Section 115BAA was introduced by way of a mid year budget in FY 2019-20 and is applicable to certain domestic companies from 1st April 2020. The new section gives a one-time option to Domestic Companies to pay tax on their taxable income at 22% (instead of 25%/30%) subject to certain conditions:
1. Deductions for SEZ Units u/s 10AA are not claimed
2. Additional depreciation for new Plant & Machinery u/s 32(1)(iia) is not claimed
3. Deduction on account of deposit into Tea Development Account and Site Restoration Fund under Sections 33AB and Section 33ABA are not claimed respectively
4. Weighted deductions for contribution/expenditure on scientific research u/s 35 are not claimed
5. Deduction in respect of expenditure on specified business u/s 35AD, investment in backward areas u/s 32AD, expenditure on agricultural extension projects u/s 35CCC and expenditure on certain skill development projects U/s 35CCD are not claimed
6. Chapter VIA C Deductions wrt certain incomes are not claimed
Additionally, any carry forward and set off of brought forward loss or depreciation allowances in respect of above provision are shall be not claimed as well. Also, a domestic company exercising this option should continue under same provision for all subsequent years.
This provision is also in line with the plan of phasing out of tax incentives and deductions by the Government. Minimum Alternative Tax provisions u/s 115JB is also not applicable upon opting for the taxation under Sec. 115BAA.
Section 115BAA restricts claiming of brought forward loss and unabsorbed depreciation on account of specific sections of the Act only (whether intentional or not). Hence, it can be inferred that normal business loss and unabsorbed depreciation can still be claimed by a company and there is no need to forego the same. Interestingly, situations can arise whereby a company neither pays tax under MAT (on account of non-applicability of 115JB) nor any normal tax on account of carry forward and set off of normal business loss/unabsorbed depreciation.

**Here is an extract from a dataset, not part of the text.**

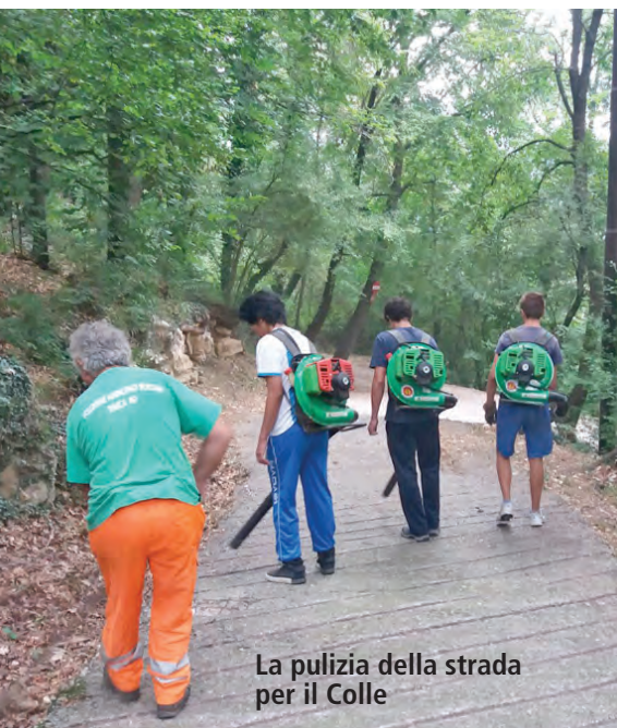
La pulizia della strada per il Colle

Since, MAT is not applicable for Companies opting for new regime, claiming MAT credit entitlement shall also be not available and they’d have to forego the same. Companies which already have MAT Credit entitlement in their Balancesheet will be posed with a question of whether to go for reduced tax (22%) under new provisions or to go with old tax regime (25%/30%) and claiming the MAT credit. It is advisable to first see whether the old tax regime or the new one is beneficial and results in lower tax outflow. As a rule of thumb, if the MAT credit entitlement is lower than tax differential (3% [25%-22%]/8%[30%-22%]) on normal taxable income, it would be beneficial to go with new tax regime and vice versa.
A sample sensitivity analysis is below (you may observe that as long as MAT credit entitlement is less than 200*8%, ie. 16, new regime will be more beneficial)
Hence, there is nothing wrong in going with the old scheme to use fully/exhaust to maximum extent the MAT credit available and then opt in for the new taxation regime. This being an irreversible decision, an assessee shall also look into the commercial impact of choosing the new regime – whether it plan for any SEZ unit in near future, or to start investing in new plant and machinery or backward area projects etc.